Nashville is a beautiful city. As we descended through the curvy limestone-blasted highways speckled with tall pines, a distinct, colorful skyline rose before us. Just outside of this burgeoning metropolis, churches of all denominations lined the road. Communities and suburbs were flourishing all around. This area of the country looked so much like mine, but something was distinctly different: the people in them.

These were red states. Just like real Americans, people here went to church, had backyard barbeques and raised families. When it comes to politics and the United States of America, these southerners understand the responsibility of being the best country in the world, and the dangers of not respecting it.

As we made our way through Alabama, stops in Montgomery and Birmingham yielded the same southern friendliness we had come to expect. This region was diverse in age and ethnicity, but we had left behind the presence of the “urban hippie.” These people were not judgmental or pretentious. They moved slower and listened more carefully.

We hit the Florida state line, where hand-painted signs advertising “Boiled P-nuts” were fastened to palm trees lining the highway. An old man with a fedora shielding the sun from his eyes swayed on a rocking chair in front of a gas station.

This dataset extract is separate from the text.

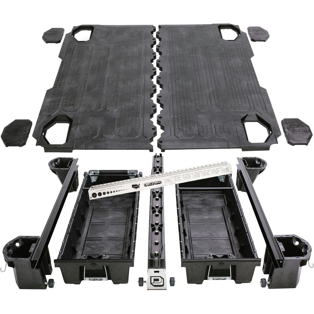 If you have extra space, you can use one of the drawers for ice and beers; using the integrated bottle opener if you forget yours at home. This burly Decked Truck Bed is made from a steel frame and wrapped in stiff HDPE to create a load rating of 2000 pounds. You can stack plenty of gear on top. The Decked Nissan Truck Bed System is designed to fit Nissan Titan trucks from the 2008 model to the current model.

Living in my island of blue amongst a sea of red, I had never really experienced Bush Country until this trip. These were the people who re-elected our President for reasons that I already knew. They wanted to keep their families safe, make sure their children got jobs and keep the moral fiber of America undefiled.

I realized you don’t need a four-star hotel and turndown service to have an enjoyable trip. With the t-tops off the Firebird and a Mountain Dew in my hand, I was introduced to Real America during my trip, and loved every second of it.